PART I - LOCATION
Published online by Cambridge University Press: 05 June 2012
Summary
ONE strain of E. coli bacteria produces a poison, to which it is immune, that kills competing strains. It takes resources to produce the poison, and the strain that produces it pays a cost in reproduction for the privilege of killing competitors. If the poisoner strain evolved from a more peaceful strain of E. coli, how did it get started? According to the large-population, random-encounter model discussed in Chapter 1, it can't. A few mutant poisoners would cause little change to the average fitness of a large peaceful group. They would nevertheless bear the cost of producing the poison, and so have lower average fitness than the natives. Theory is confirmed in the laboratory. If a few mutant poisoners are added to a well-stirred culture of peaceful E. coli, the mutants are gradually eliminated.

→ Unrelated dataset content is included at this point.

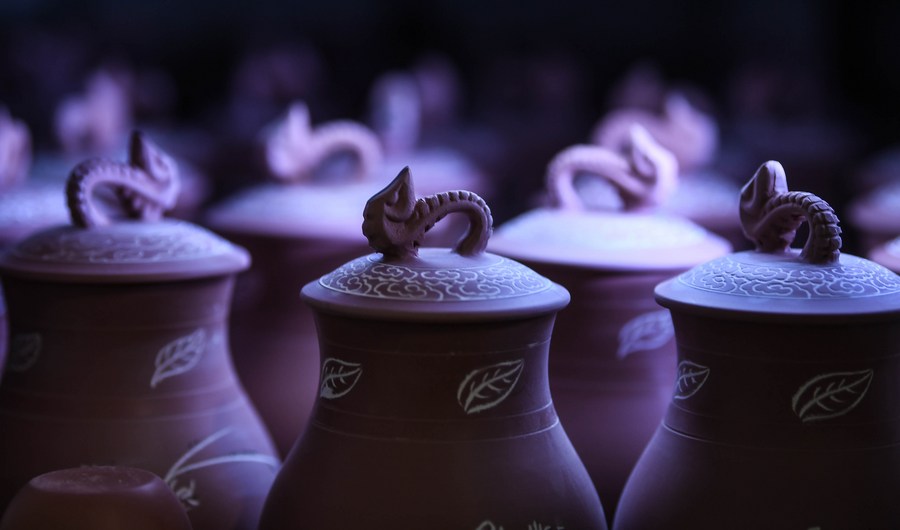 Unfinished Nixing pottery wares waiting to be fired are seen at Lu Jingping's kiln in Qinzhou City, south China's Guangxi Zhuang Autonomous Region, Nov. 9, 2020. (Xinhua/Zhang Ailin)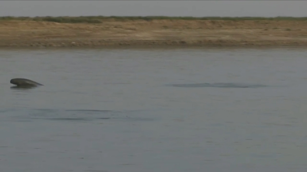 江西省余干县鄱阳湖湿地生态保护中心江豚巡护队队长袁文斌:有两头,看到了吧?--对对,就在那。--对,嗯江豚,它马上要浮出来,这里,这里,看到了吧?看到了吧?

But when the same experiment is performed on agar plates rather than in a well-stirred solution, the poisoners can invade and eventually take over the population. Here theory followed experiment, and theoretical treatments of the local interaction involved also followed, providing analytic explanations of the experimental results. I won't tell the full story here, but I hope that I have told enough to illustrate the importance of spatial structure, location, and local interaction for evolutionary dynamics.
Another illustration, in a rosier hue, comes from the effect of spatial structure on the evolution of cooperation in prisoner's dilemma games. If prisoner's dilemmas are played in a well-mixed large population, the evolutionary dynamics drives cooperation to extinction.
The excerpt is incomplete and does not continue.